▸ **Records to use**:
= = = =

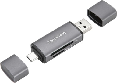 Sandstrøm 2-i-1 USB-C/USB-A SD-kortlæser
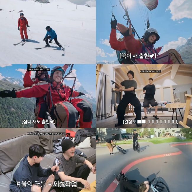 Episode 3 revolves around various activities the young BTS duo take on—from a paragliding challenge that required a great deal of courage as they had never tried it before, to skiing and cycling. It also captures many adorable everyday moments such as a late-night conversation with RM, Jimin practicing j-hope’s “Killin’ It Girl” dance challenge, chaotic mealtimes, and the fun daily habits of global superstars.
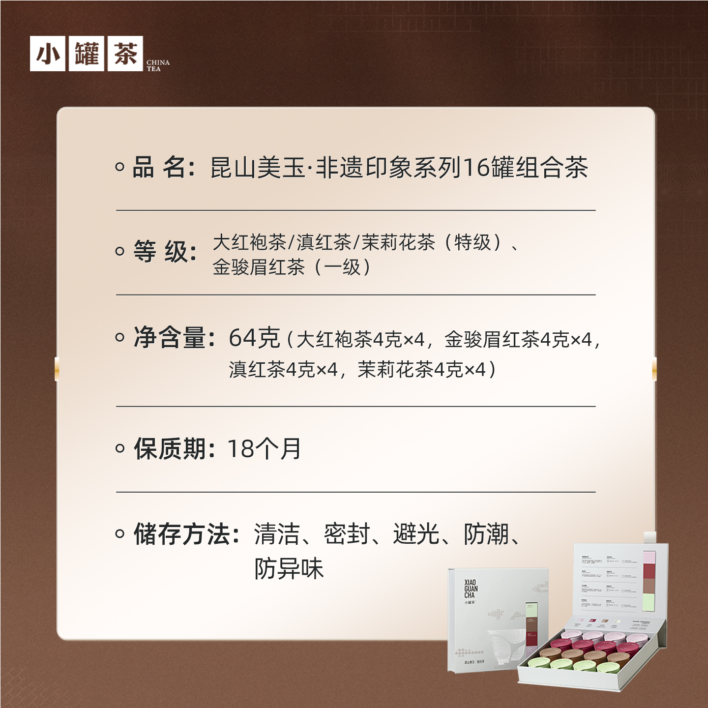 小罐茶昆山美玉非遗印象系列16罐组合金骏眉红茶滇红茶叶礼盒装
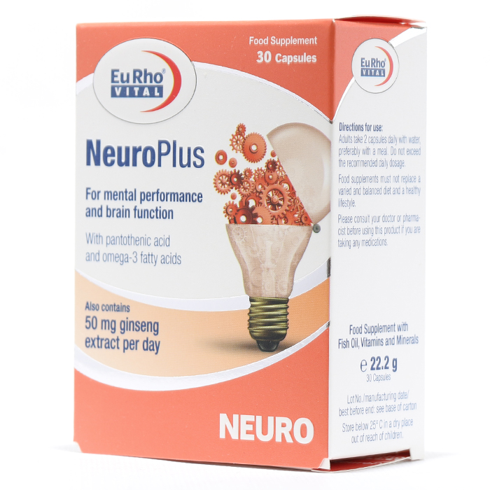 – کپسول نورو پلاس یوروویتال حاوی مخلوطی از عصاره جینسینگ، امگا ۳، ویتامینها، و مواد معدنی است که به بهبود عملکرد مغزی، تقویت ذهن، و افزایش توانایی شناختی کمک میکند. این کپسول همچنین تاثیر مثبتی در تقویت حافظه، افزایش تمرکز، تسهیل یادگیری، کاهش اضطراب و خستگی دارد.
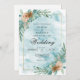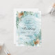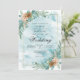 Des lavages à l'aquarelle délicats dans des teintes turquoises et sereines créent un décor rêveur. Des accents floraux rustiques dans le taupe chaud et le rougissement ajoutent une touche de charme organique, évoquant une atmosphère douce et romantique pour votre journée spéciale.
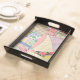 This is a well made, sturdy wooden tray with a flawless black finish and lovely map on the tray surface. It is both vintage & modern at the same time. Looks exactly like the photo; does not disappoint. So nice to find something of quality individually made and not the mass-produced 'shabby chic' merchandise seen in stores. I am so pleased to be able to give this to my college-age niece for her birthday. This can be used as a tray to hold jewelry or toiletries, or hung on the wall as art. The map surface is sealed (it is slightly shiny) so would be moisture resistant. It is well worth the asking price but I was able to apply a sale code as well. Very happy with my purchase. Map is crisp & clear and sealed with a water-resitant finish.
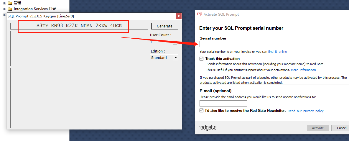 3、打开激活软件, 把代码复制到注册机中间的文本框内就会生成相应的代码
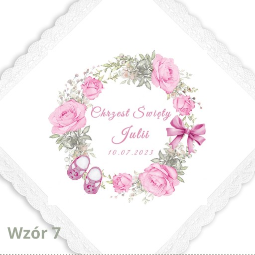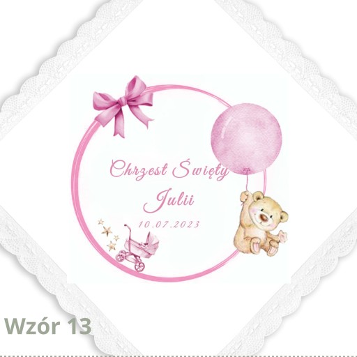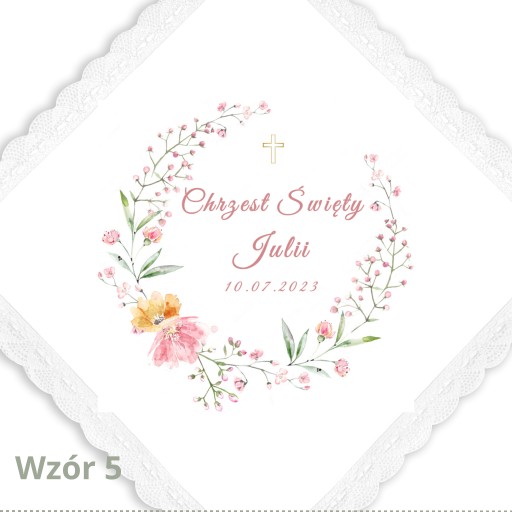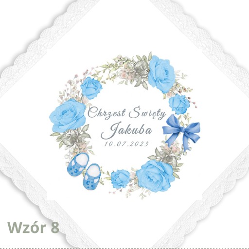Każdy produkt przygotowujemy na zamówienie, ręcznie ozdabiamy oraz umieszczamy na nim imię Dziecka oraz datę chrztu.
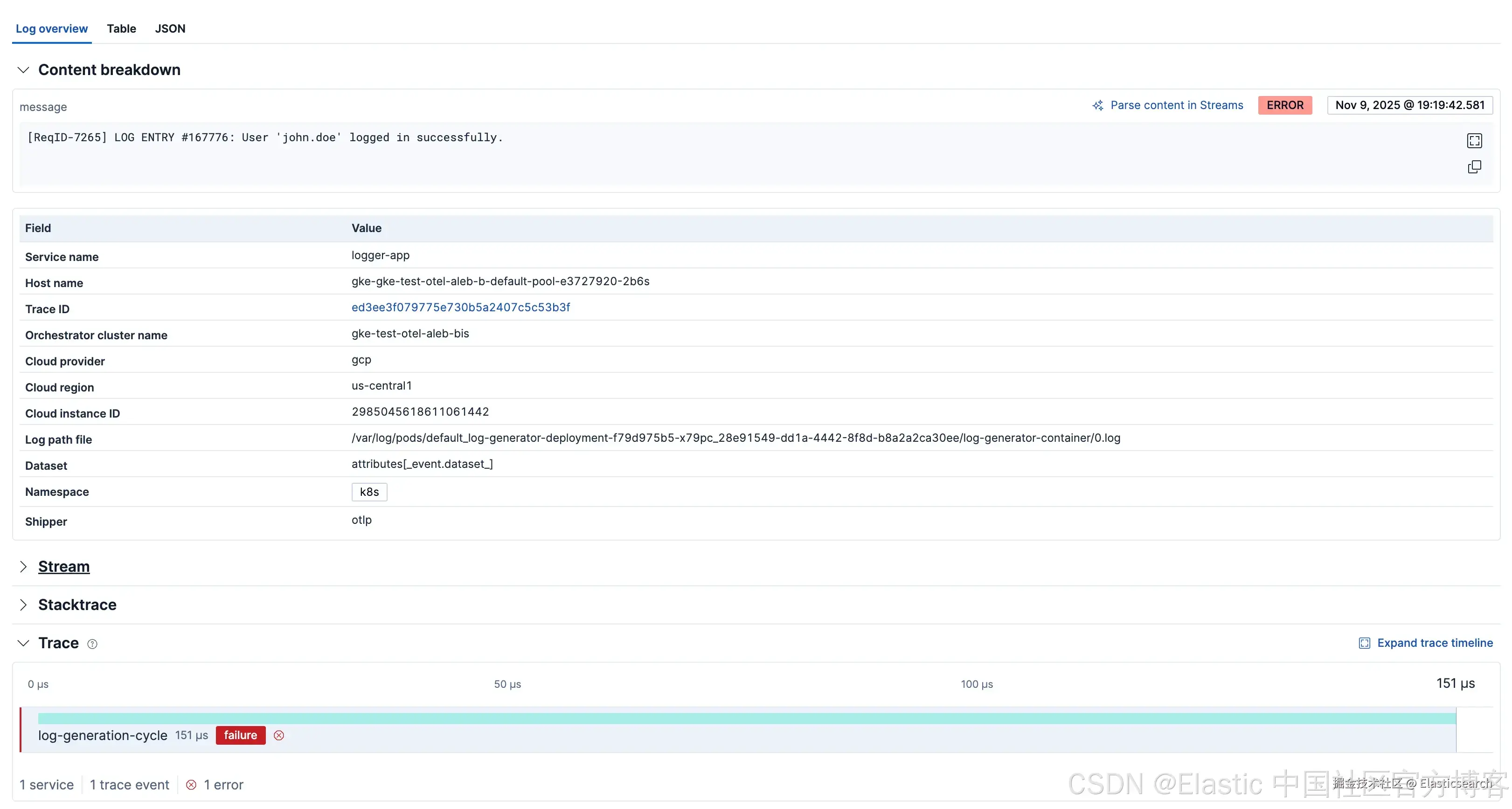 Elastic Observability 允许你通过使用 Elastic Distributions of OpenTelemetry,将 OTel traces 与 ECS 日志关联,从而拥有 OpenTelemetry 和 ECS 语义。
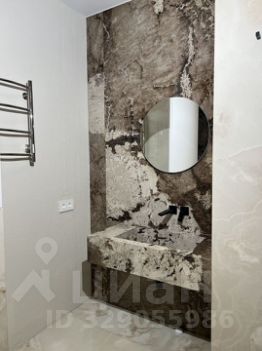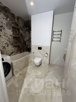 Крупноформатная плитка под мрамор/оникс, контрастная тёмная стена у ванны и душа, встроенные ниши со стеклянными полками. Ванна, тропический душ и ручной душ, подвесной унитаз с инсталляцией, полотенцесушитель, стиральная машина.
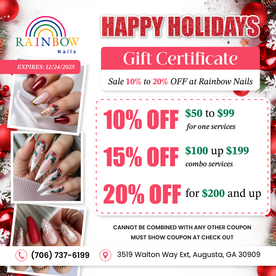 Rainbow Nails – one of the best Nail salons located conveniently in Augusta, GA 30909. We guarantee your satisfaction by the passion and many years’ experience of our technicians.
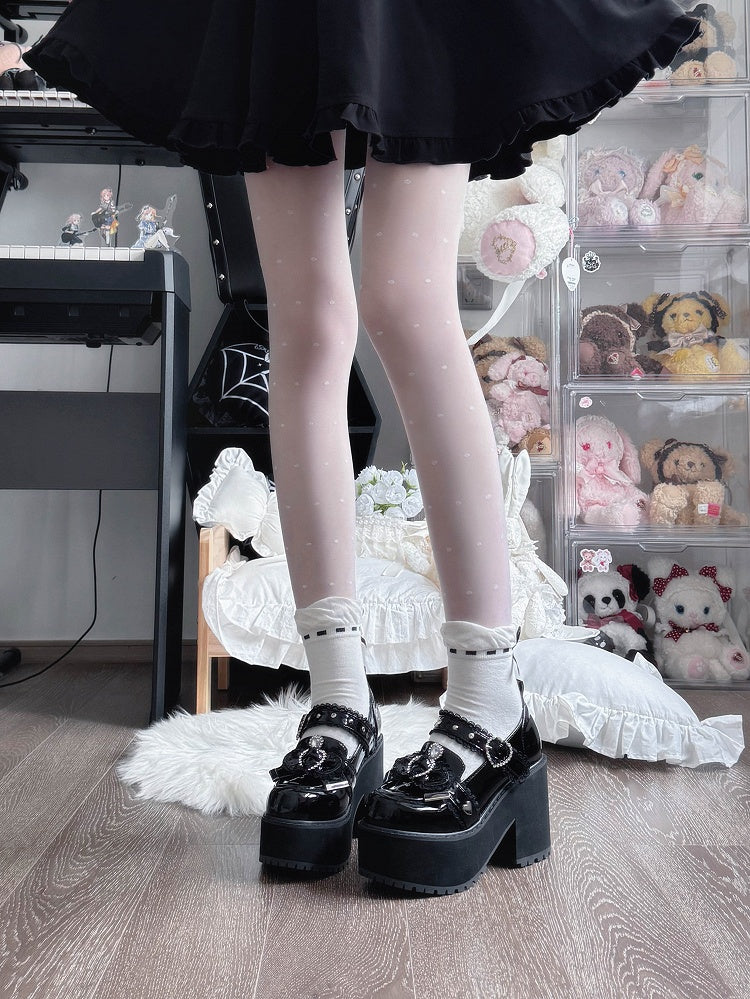 Decorated Lolita Multi-Layer Calf White/Black Bow Trim Lace Socks
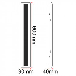 Luz de parede de alumínio LED com acabamento em preto, 60cm de comprimento e 18W de potência.
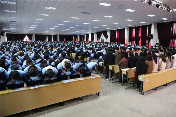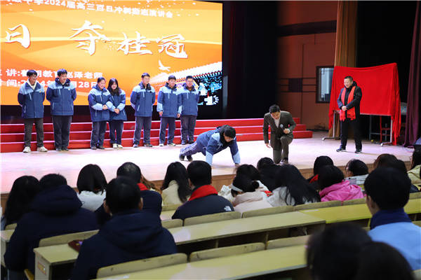 二、动容。在同学们静思过后,赵老师进入互动环节。他鼓励同学们勇敢地走上舞台,用最大的声音喊出自己的目标大学;随即又提出新挑战:高考成绩要提升多少分,就要做多少个俯卧撑。一位同学毫不犹豫地俯下身去,一口气做了几十个,动作逐渐变慢,但他从未停下。台下越来越多的同学跑上台一起做起俯卧撑,用行动表达支持和决战高考的勇气,全场师生为之动容,为他们助威呐喊。 三、动情。赵泽老师用富有激情的语言,从理想、舍得、感恩、坚持等几个层面,以一次次发问、一个个感人的故事,唤醒了学生深藏在心中的那份感恩之情。在他的带领下,全体学生起立以感恩的心拥抱老师,表达感恩之情;拥抱同学,表达并驾齐驱互相帮助互相鼓励之情。一幕幕温馨而感人的场景令人终生难忘,也使现场气氛达到了高潮。
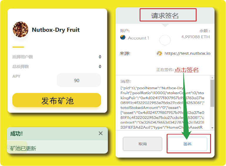 跟着我们需要在所添加的矿池中输入年化收益率,然后点击发布矿池,随后MetaMask钱包会跳出提示框进行「请求签名」,我们直接点击「签名」,稍等片刻便会出现提示信息,提示「矿池已更新」。
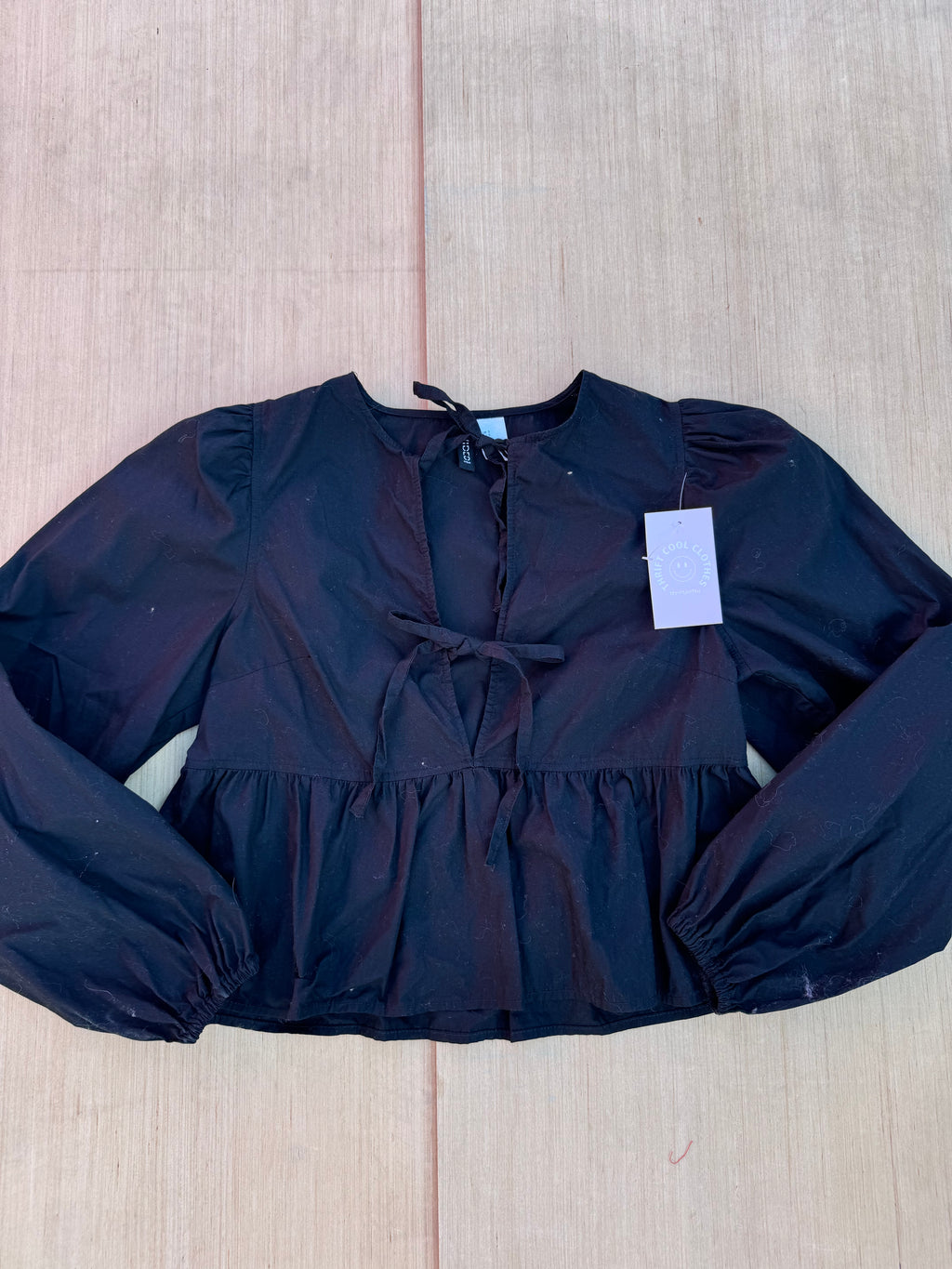 black divided tie front top, S
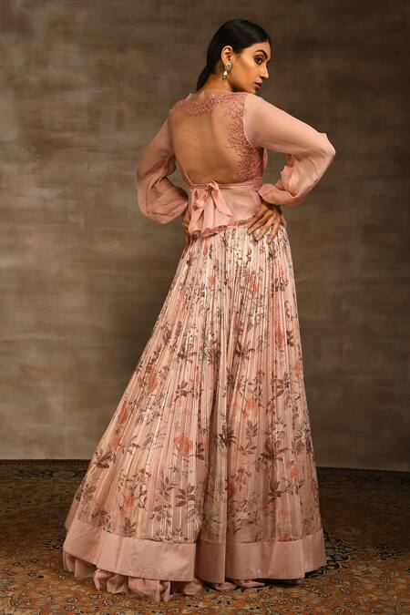 Buy_Radhika & Raghav_Pink Tulle, Chiffon And Silk Chanderi Sequin & Floral Print, Lehenga & Top Set_Online_at_Aza_Fashions
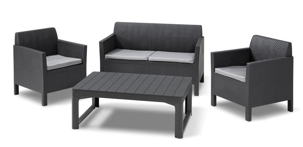 Bútor készlet Orlando préselt műanyagból készült - rattan imitáció. Ez a szett alkalmas úgy kinti használatra, ugyanis ellenál az időjárás viszonttagságainak és az UV sugárzásnak is, alkalmas mint stílusos ülőalkalmatosság az interiében is. A készlet részei két fotel, kanapé és egy négyszögletű asztal. Hogy a szett még kényelmesebb legyen magában foglaljaa kárpitozott párnákat is. Egyszerű összerakás (építőkocka rendszer) és nagyon egyszerű karbantartást igényel.
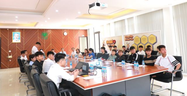 Sau khi được đại diện ban lãnh đạo công ty chia sẻ thông tin về tập đoàn, công ty tại phòng hội thảo, học sinh lớp TC3CNTY16 khoa Kỹ thuật Nông nghiệp cùng các thầy cô giáo trong đoàn tham quan tiếp tục được ông Nguyễn Văn Mạnh – Giám đốc trung tâm chia sẻ chủ đề “An toàn sinh học trong chăn nuôi”. Đây là một khâu vô cùng quan trọng đối với trang trại chăn nuôi, có tính quyết định trong việc bảo vệ đàn vật nuôi trước sự xâm nhập và lây lan mầm bệnh từ môi trường bên ngoài hoặc lây lam giữa các khu vực trong trại. Từ đó, giúp đàn vật nuôi khỏe mạnh, phát triển ổn định, giảm thiểu các thiệt hại về kinh tế xảy ra trong chăn nuôi. Cũng nhờ có các biện pháp an toàn sinh học vật nuôi khỏe mạnh, các sản phẩm từ trại ít tồn dư kháng sinh góp phần đảm bảo an toàn thực phẩm cho cộng đồng, qua đó bảo vệ sức khỏe người tiêu dùng. Không những thế, trang trại thực hiện chăn nuôi an toàn sinh học sẽ kiểm soát được chất thải và nguồn nước thải ra môi trường, điều này đã góp phần tích cực trong việc xây dựng hình ảnh cho ngành chăn nuôi hiện đại và bền vững.
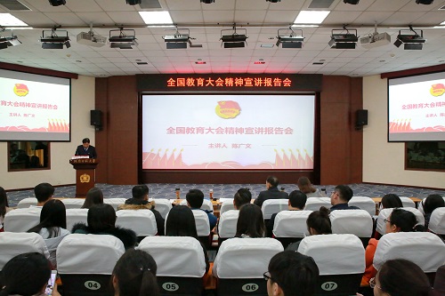 陈广文围绕“学习全国教育大会精神,争做德智体美劳全面发展的社会主义建设者和接班人”这一主题,为全体学员进行宣讲。他强调,深入学习领会习近平总书记关于教育的重要论述,深刻理解习近平总书记在大会讲话中概括的“九个坚持”,是对我国教育事业规律性的认识,为做好新时代教育工作提供了根本遵循。最重要的是深入学习领会、全面准确把握习近平总书记关于教育的重要论述的科学内涵和精神实质,更好地武装头脑、指导实践、推动工作。

= = = =

▸ **Task brief**:
Every line above should be retyped exactly; the pictures do not belong in the copy.

▸ **Written response**:
 Sandstrøm 2-i-1 USB-C/USB-A SD-kortlæser
 Episode 3 revolves around various activities the young BTS duo take on—from a paragliding challenge that required a great deal of courage as they had never tried it before, to skiing and cycling. It also captures many adorable everyday moments such as a late-night conversation with RM, Jimin practicing j-hope’s “Killin’ It Girl” dance challenge, chaotic mealtimes, and the fun daily habits of global superstars.
 小罐茶昆山美玉非遗印象系列16罐组合金骏眉红茶滇红茶叶礼盒装
 – کپسول نورو پلاس یوروویتال حاوی مخلوطی از عصاره جینسینگ، امگا ۳، ویتامینها، و مواد معدنی است که به بهبود عملکرد مغزی، تقویت ذهن، و افزایش توانایی شناختی کمک میکند. این کپسول همچنین تاثیر مثبتی در تقویت حافظه، افزایش تمرکز، تسهیل یادگیری، کاهش اضطراب و خستگی دارد.
 Des lavages à l'aquarelle délicats dans des teintes turquoises et sereines créent un décor rêveur. Des accents floraux rustiques dans le taupe chaud et le rougissement ajoutent une touche de charme organique, évoquant une atmosphère douce et romantique pour votre journée spéciale.
 This is a well made, sturdy wooden tray with a flawless black finish and lovely map on the tray surface. It is both vintage & modern at the same time. Looks exactly like the photo; does not disappoint. So nice to find something of quality individually made and not the mass-produced 'shabby chic' merchandise seen in stores. I am so pleased to be able to give this to my college-age niece for her birthday. This can be used as a tray to hold jewelry or toiletries, or hung on the wall as art. The map surface is sealed (it is slightly shiny) so would be moisture resistant. It is well worth the asking price but I was able to apply a sale code as well. Very happy with my purchase. Map is crisp & clear and sealed with a water-resitant finish.
 3、打开激活软件, 把代码复制到注册机中间的文本框内就会生成相应的代码
Każdy produkt przygotowujemy na zamówienie, ręcznie ozdabiamy oraz umieszczamy na nim imię Dziecka oraz datę chrztu.
 Elastic Observability 允许你通过使用 Elastic Distributions of OpenTelemetry,将 OTel traces 与 ECS 日志关联,从而拥有 OpenTelemetry 和 ECS 语义。
 Крупноформатная плитка под мрамор/оникс, контрастная тёмная стена у ванны и душа, встроенные ниши со стеклянными полками. Ванна, тропический душ и ручной душ, подвесной унитаз с инсталляцией, полотенцесушитель, стиральная машина.
 Rainbow Nails – one of the best Nail salons located conveniently in Augusta, GA 30909. We guarantee your satisfaction by the passion and many years’ experience of our technicians.
 Decorated Lolita Multi-Layer Calf White/Black Bow Trim Lace Socks
 Luz de parede de alumínio LED com acabamento em preto, 60cm de comprimento e 18W de potência.
 二、动容。在同学们静思过后,赵老师进入互动环节。他鼓励同学们勇敢地走上舞台,用最大的声音喊出自己的目标大学;随即又提出新挑战:高考成绩要提升多少分,就要做多少个俯卧撑。一位同学毫不犹豫地俯下身去,一口气做了几十个,动作逐渐变慢,但他从未停下。台下越来越多的同学跑上台一起做起俯卧撑,用行动表达支持和决战高考的勇气,全场师生为之动容,为他们助威呐喊。 三、动情。赵泽老师用富有激情的语言,从理想、舍得、感恩、坚持等几个层面,以一次次发问、一个个感人的故事,唤醒了学生深藏在心中的那份感恩之情。在他的带领下,全体学生起立以感恩的心拥抱老师,表达感恩之情;拥抱同学,表达并驾齐驱互相帮助互相鼓励之情。一幕幕温馨而感人的场景令人终生难忘,也使现场气氛达到了高潮。
 跟着我们需要在所添加的矿池中输入年化收益率,然后点击发布矿池,随后MetaMask钱包会跳出提示框进行「请求签名」,我们直接点击「签名」,稍等片刻便会出现提示信息,提示「矿池已更新」。
 black divided tie front top, S
 Buy_Radhika & Raghav_Pink Tulle, Chiffon And Silk Chanderi Sequin & Floral Print, Lehenga & Top Set_Online_at_Aza_Fashions
 Bútor készlet Orlando préselt műanyagból készült - rattan imitáció. Ez a szett alkalmas úgy kinti használatra, ugyanis ellenál az időjárás viszonttagságainak és az UV sugárzásnak is, alkalmas mint stílusos ülőalkalmatosság az interiében is. A készlet részei két fotel, kanapé és egy négyszögletű asztal. Hogy a szett még kényelmesebb legyen magában foglaljaa kárpitozott párnákat is. Egyszerű összerakás (építőkocka rendszer) és nagyon egyszerű karbantartást igényel.
 Sau khi được đại diện ban lãnh đạo công ty chia sẻ thông tin về tập đoàn, công ty tại phòng hội thảo, học sinh lớp TC3CNTY16 khoa Kỹ thuật Nông nghiệp cùng các thầy cô giáo trong đoàn tham quan tiếp tục được ông Nguyễn Văn Mạnh – Giám đốc trung tâm chia sẻ chủ đề “An toàn sinh học trong chăn nuôi”. Đây là một khâu vô cùng quan trọng đối với trang trại chăn nuôi, có tính quyết định trong việc bảo vệ đàn vật nuôi trước sự xâm nhập và lây lan mầm bệnh từ môi trường bên ngoài hoặc lây lam giữa các khu vực trong trại. Từ đó, giúp đàn vật nuôi khỏe mạnh, phát triển ổn định, giảm thiểu các thiệt hại về kinh tế xảy ra trong chăn nuôi. Cũng nhờ có các biện pháp an toàn sinh học vật nuôi khỏe mạnh, các sản phẩm từ trại ít tồn dư kháng sinh góp phần đảm bảo an toàn thực phẩm cho cộng đồng, qua đó bảo vệ sức khỏe người tiêu dùng. Không những thế, trang trại thực hiện chăn nuôi an toàn sinh học sẽ kiểm soát được chất thải và nguồn nước thải ra môi trường, điều này đã góp phần tích cực trong việc xây dựng hình ảnh cho ngành chăn nuôi hiện đại và bền vững.
 陈广文围绕“学习全国教育大会精神,争做德智体美劳全面发展的社会主义建设者和接班人”这一主题,为全体学员进行宣讲。他强调,深入学习领会习近平总书记关于教育的重要论述,深刻理解习近平总书记在大会讲话中概括的“九个坚持”,是对我国教育事业规律性的认识,为做好新时代教育工作提供了根本遵循。最重要的是深入学习领会、全面准确把握习近平总书记关于教育的重要论述的科学内涵和精神实质,更好地武装头脑、指导实践、推动工作。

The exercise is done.